ASSIGNMENT: Repeat the listing below in full and exactly, but without its pictures.

GIVEN INFORMATION:
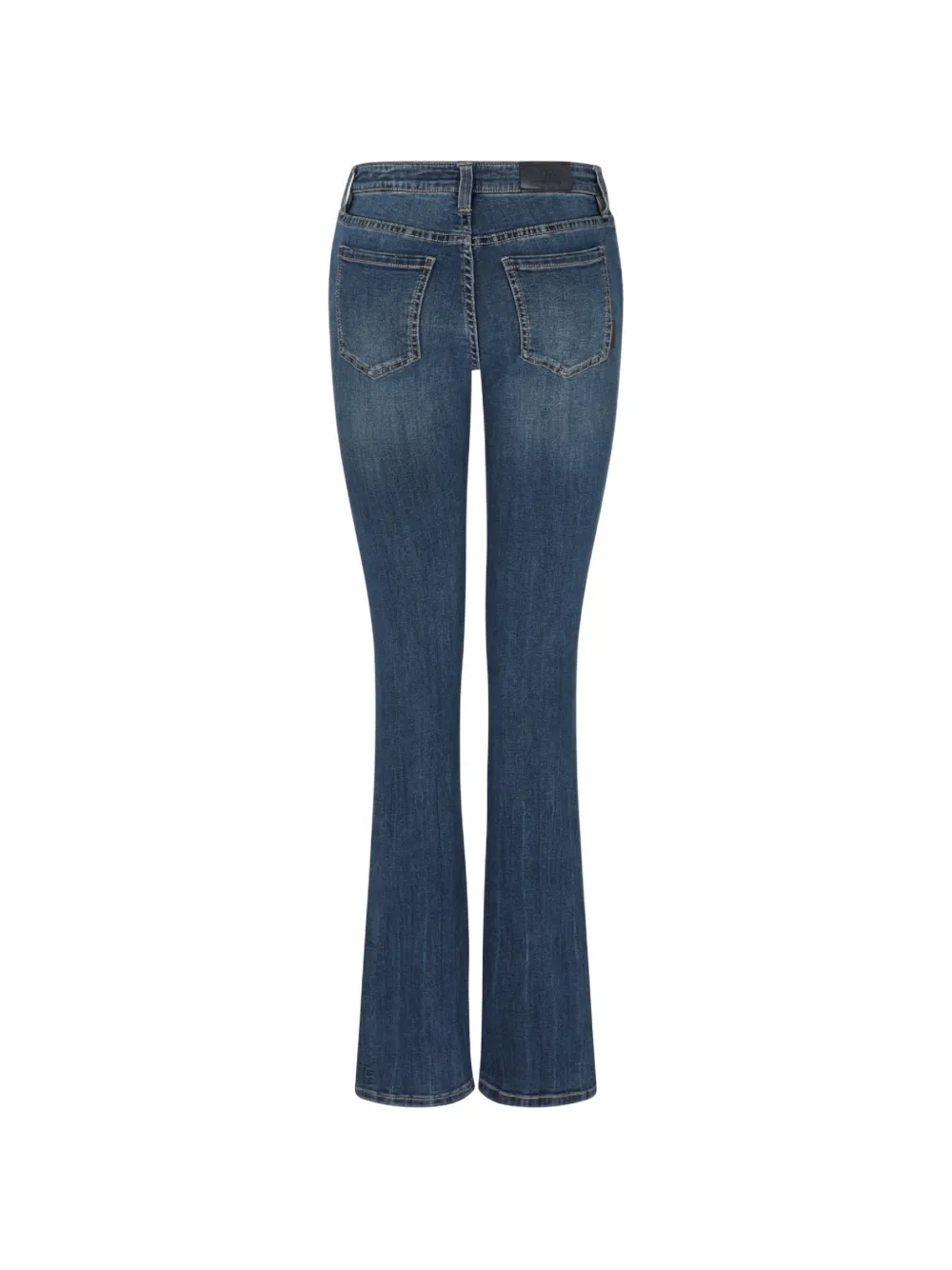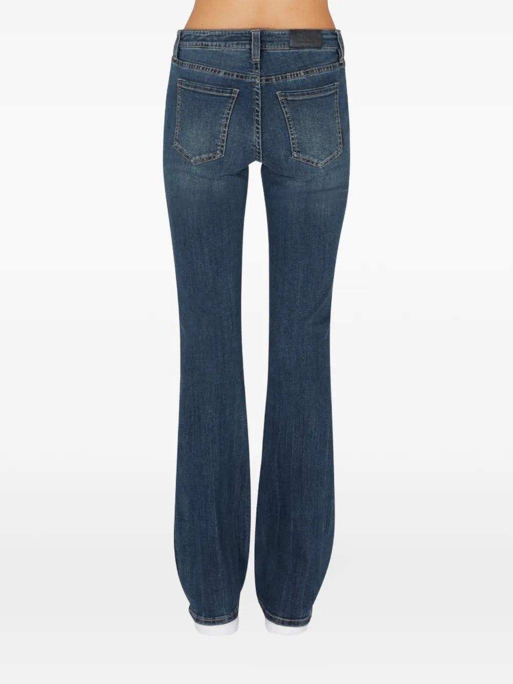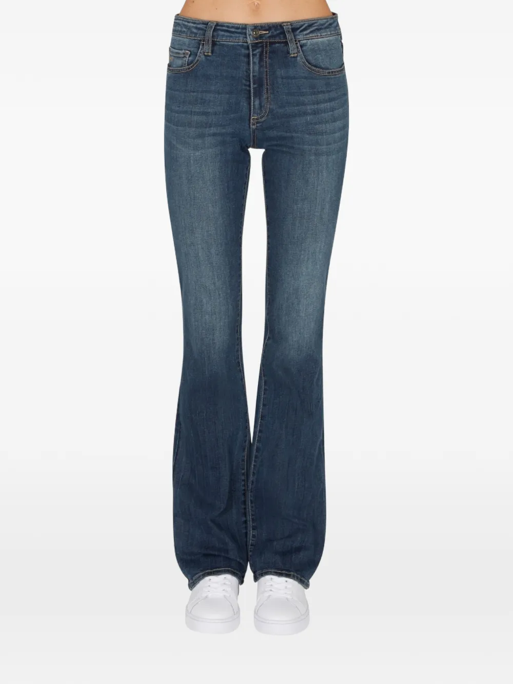Синие шлевки для ремня, пять карманов, расклешенный низ
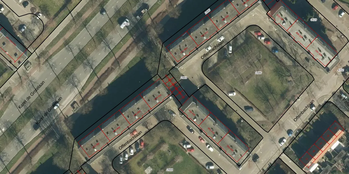 Offenbachlaan 384-G03 is gelegen op kadastraal perceel GTL01D2443. Deze kadastrale aanduiding is uniek en wordt gebruikt door het Kadaster om eigendomsrechten en andere zakelijke rechten vast te leggen. Het perceel maakt onderdeel uit van de kadastrale gemeente Gestel.
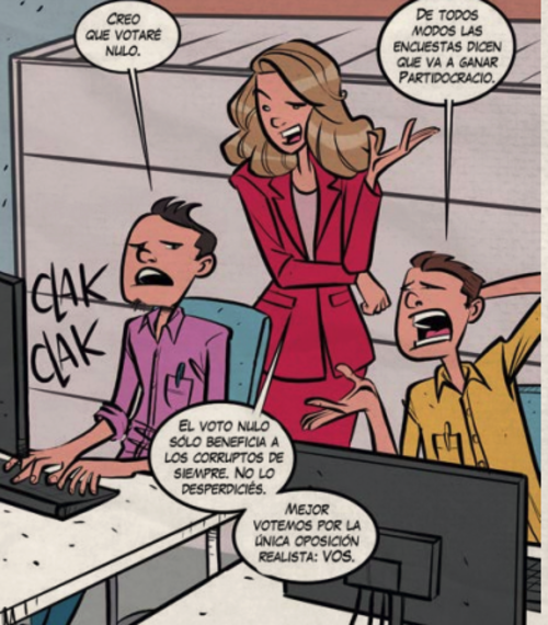 También hace un llamado a votar por Vos y no votar nulo porque "solo beneficia a los corruptos de siempre".

RESULT:
Синие шлевки для ремня, пять карманов, расклешенный низ
 Offenbachlaan 384-G03 is gelegen op kadastraal perceel GTL01D2443. Deze kadastrale aanduiding is uniek en wordt gebruikt door het Kadaster om eigendomsrechten en andere zakelijke rechten vast te leggen. Het perceel maakt onderdeel uit van de kadastrale gemeente Gestel.
 También hace un llamado a votar por Vos y no votar nulo porque "solo beneficia a los corruptos de siempre".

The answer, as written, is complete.